ILUSTRASI Transformasi Peran Pemerintah dalam 25 Tahun Reformasi: Dari Penguasa ke Mitra.-Maulana Pamuji Gusti-Harian Disway-
Pengalaman itu bukan teori belaka. Saat menjabat bupati Bojonegoro periode 2008–2018, saya mengalami langsung bagaimana transformasi pemerintahan menuju kolaborasi nyata dapat berdampak besar.
Kami mengusung semangat ”Bekerja Bersama Rakyat” bukan sebagai jargon, tetapi sebagai pendekatan sistemik.

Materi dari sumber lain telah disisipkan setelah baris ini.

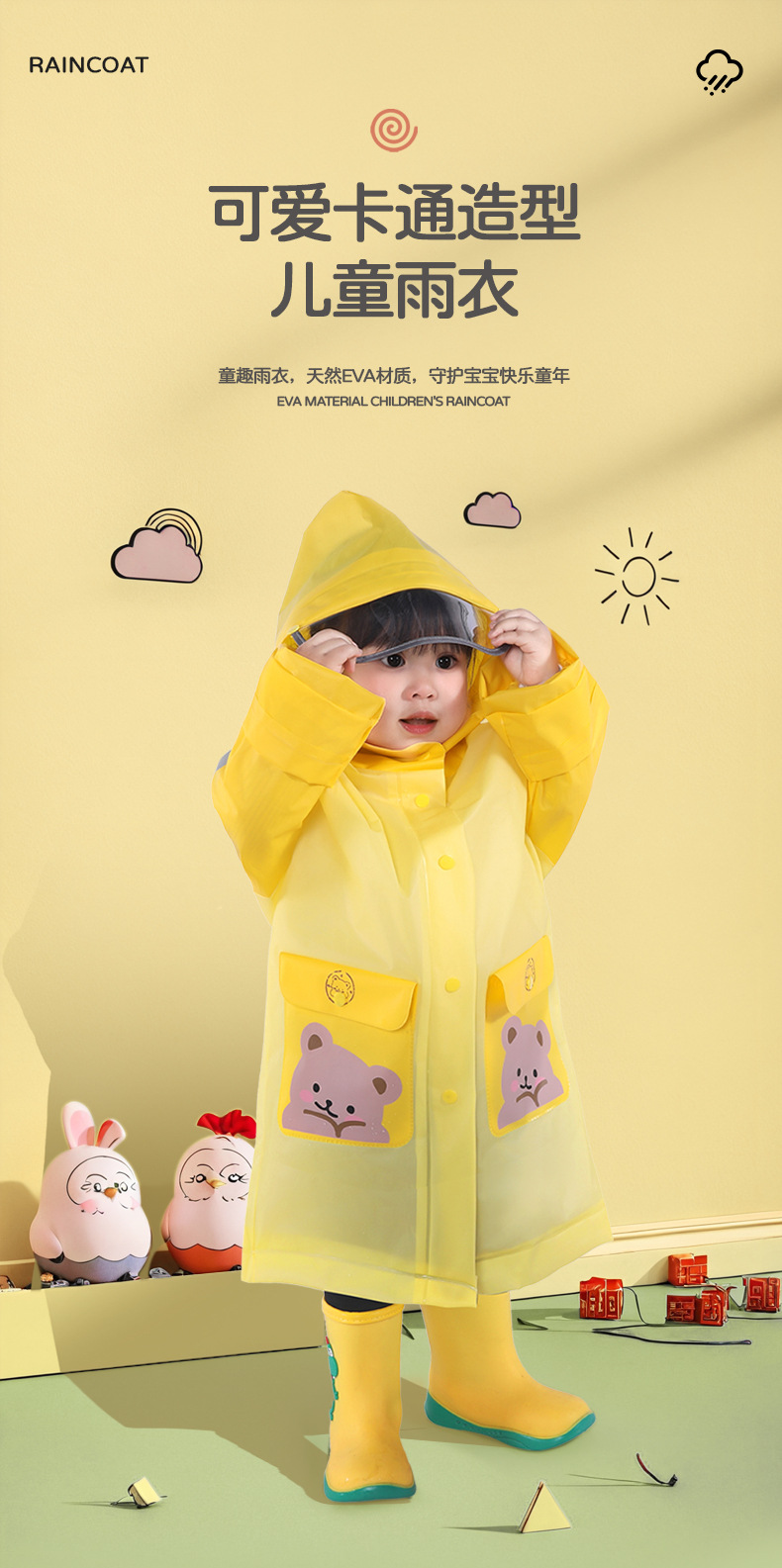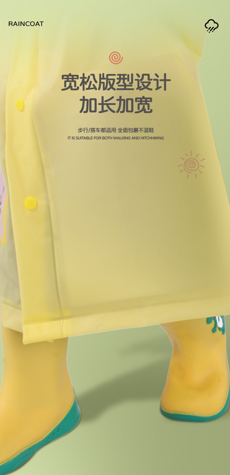 【上学好帮手❗️萌趣卡通雨衣】雨天小卫士「多层防渗水保障」步行/搭车都适用,全面包裹不湿鞋,面料很安全,妈妈放心选,男童女童女孩小学生幼儿园上学,全身一体宝宝卡通雨披L
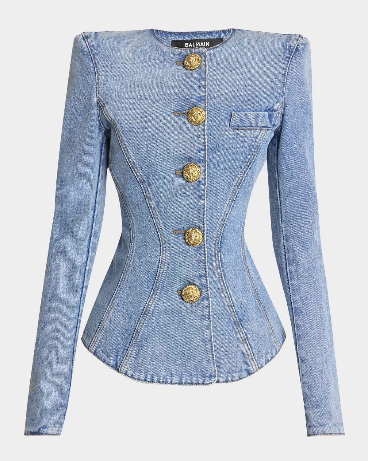 - A signature Balmain silhouette finished with embossed gold-tone buttons in faded denim. - Round neckline - Structured shoulders - Long sleeves - Chest welt pocket - Figure-hugging silhouette - Rounded hem - Button-front - Cotton - Professional cleaning recommended - Made in Italy

Bojonegoro terpilih sebagai 1 di antara 15 daerah pionir di dunia pada level sub-nasional dalam inisiatif open government partnership (OGP) global.
Itu bukan prestasi simbolis, melainkan pengakuan atas bagaimana pemerintah daerah membuka diri: berbagi data, melibatkan masyarakat dalam perencanaan, dan transparan dalam pengelolaan sumber daya.

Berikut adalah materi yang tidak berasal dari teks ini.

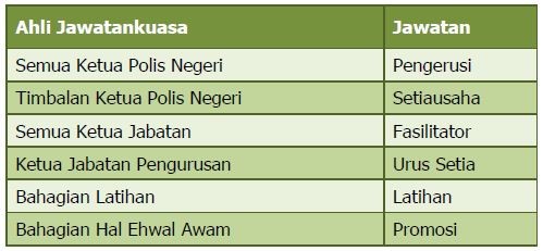 Jawatankuasa EKSA PDRM Peringkat Jabatan adalah seperti berikut:-
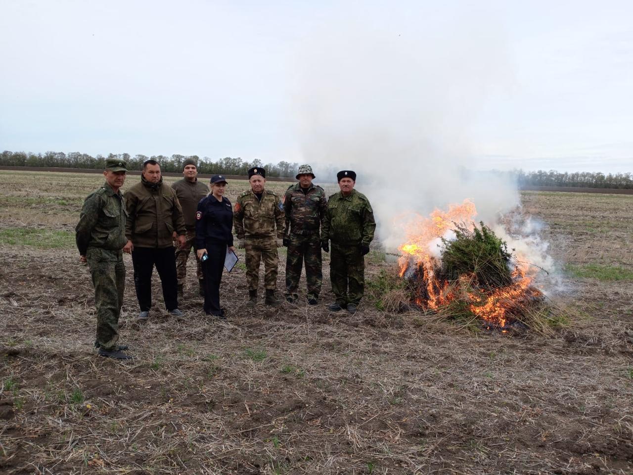 Силами казачьей мобильной группы с участием сотрудников погрануправления ФСБ России по городу Ейску наркосодержащая конопля уничтожена на площади 120 квадратных метров в количестве 2050 кустов способом, исключающим возможность незаконного оборота, с соблюдением требований в области охраны окружающей среды, санитарно- эпидемиологического благополучия населения, пожарной безопасности.
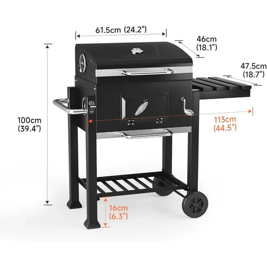 Portable Charcoal Grill with Wheels & Folding Table | Built-in Thermometer, Adjustable Charcoal Tray, BBQ Smoker for Outdoor Cooking, Garden, Camping & Parties | Buy Online at Amizek
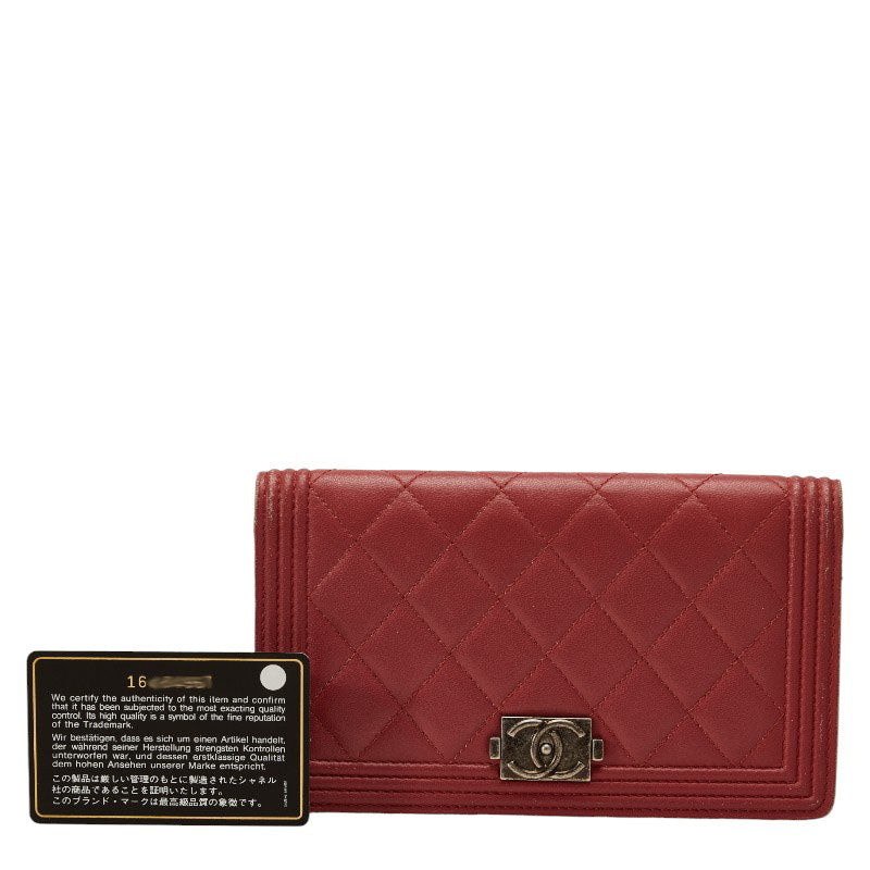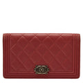 Chanel Quited Leather Le Boy Wallet Leather Long Wallet in Good condition

Pendekatan itu terbukti efektif. Dalam delapan tahun, angka kemiskinan berhasil ditekan hingga turun hampir 50 persen. Itu bukan semata hasil kebijakan birokratis, melainkan juga buah dari gotong royong lintas pelaku pembangunan –dari petani, guru, wirausaha, hingga aparat desa.
Kami tidak hanya menyusun program dari kantor, tetapi juga hadir di tengah warga, mendengar langsung, dan merumuskan solusi bersama.

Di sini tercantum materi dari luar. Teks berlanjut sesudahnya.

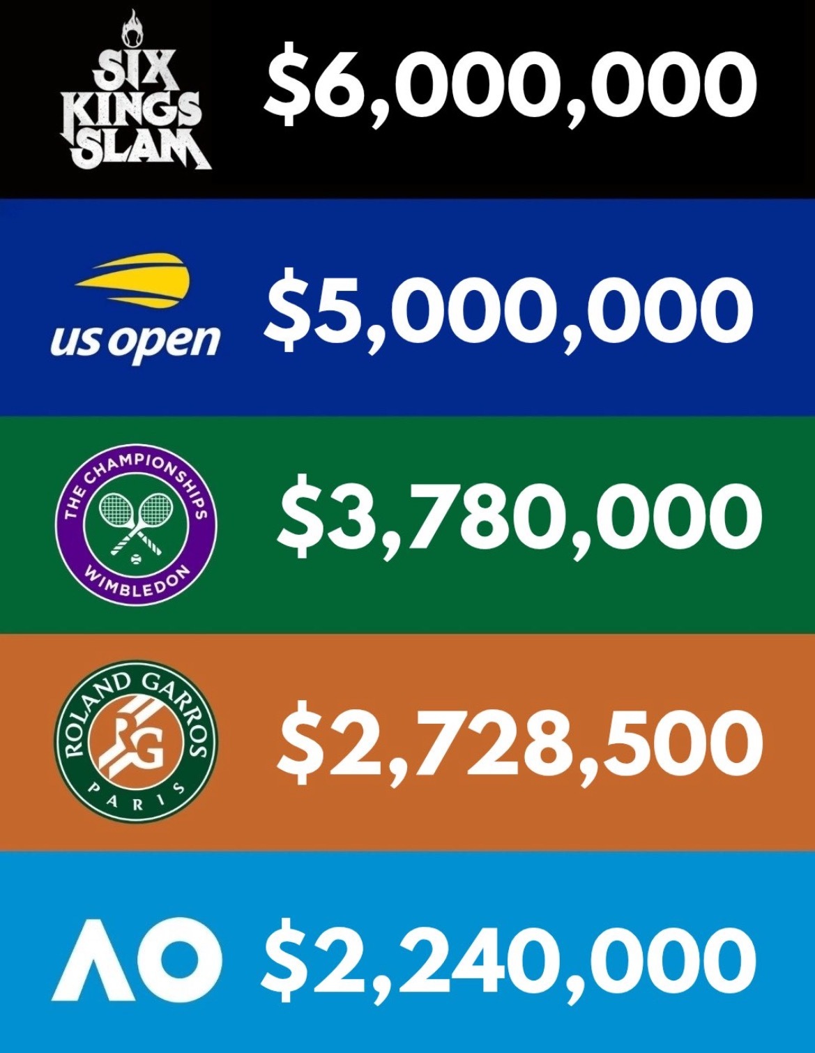 六王满贯的冠军奖金有多壕,比四大满贯最高的美网还要高100万美金,几乎是澳网的三倍!💲🎫

NEGARA SEBAGAI ENTITAS PRODUKSI DAN INVESTASI KEHIDUPAN
Untuk benar-benar bekerja bersama rakyat, pemerintah perlu mengubah cara berpikir. Salah satu pendekatan baru yang relevan adalah melihat negara sebagai entitas produksi –sebuah ekosistem yang menghasilkan nilai.
Dalam hal ini, negara harus menjaga modal dasar seperti alam, manusia, sosial, spiritual, dan infrastruktur.
Pandangan itu selaras dengan kerangka five capitals dari forum for the future (UK): natural, human, social, manufactured, dan financial capital. Kebijakan publik seharusnya menjaga lima modal itu agar pembangunan benar-benar berkelanjutan.
Misalnya, dalam mengatasi kemiskinan, pendekatan tradisional hanya fokus pada bantuan sosial. Namun, kini pemerintah melihatnya sebagai kegagalan sistem dalam menciptakan pendapatan.
Solusinya? Pendidikan yang berkualitas, kewirausahaan, dan perluasan akses pasar –bukan sekadar subsidi.
DARI ”MONEY FOLLOWS FUNCTION” KE ”MONEY FOLLOWS MISSION”
Transformasi berpikir juga terjadi dalam penganggaran. Jika dahulu paradigma umum adalah money follows function (anggaran mengikuti struktur), kini mulai bergeser ke money follows mission (anggaran mengikuti solusi atas masalah rakyat).
Seperti dikatakan Mariana Mazzucato, pakar ekonomi inovasi dari UCL, pemerintah harus berani menjadi mission-oriented, menciptakan solusi sistemik yang tidak disediakan pasar.